Source: Time:2017-06-01 10:01:50 views:

        In the future, each feedback controller is adaptive, and when the measured value and the setting are different, it can change the control to accommodate the change. A true adaptive controller should be able to adjust its own parameters or otherwise change the algorithm to accommodate changes in the behavior of the control process.
Adaptive Motion Control Technology of Industrial
        For example, an adaptive proportional controller observes too fast or too slow during the control process and may adjust its gain. This approach is suitable for the control process with strict requirements, such as the variable load control process of the robot.

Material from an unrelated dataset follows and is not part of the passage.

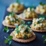 Cut your cooled dill bread slices into small squares or rounds that fit comfortably in your hand—bite-sized is the aim here! Take each piece, dollop a generous spoonful of egg salad, and top with a delicate slice of apple. If you’re feeling fancy, garnish with an extra sprig of dill for that fresh herbal finish.

        If the robot carries a particularly heavy load, the movement speed will slow down. The adaptive controller analyzes the measurement results and adds gain to the robot. On the contrary, if the load suddenly decreases, the movement should be radical, you can give it minus the gain.

        In either case, the controller must be able to measure the process change to determine which tonic to take. If conditions permit, you can also directly measure the load from A point to point B how long it takes or how far to measure the path.

        Unfortunately, the adaptive controller from the detection of changes in the control process is very slow, so there will be long-term changes easily concealed, short-term interference will produce confusion. The control process usually distinguishes between long and Silver Wing short-term effects, and it does not indicate that it should be used even if the behavioral changes are detected in the control project.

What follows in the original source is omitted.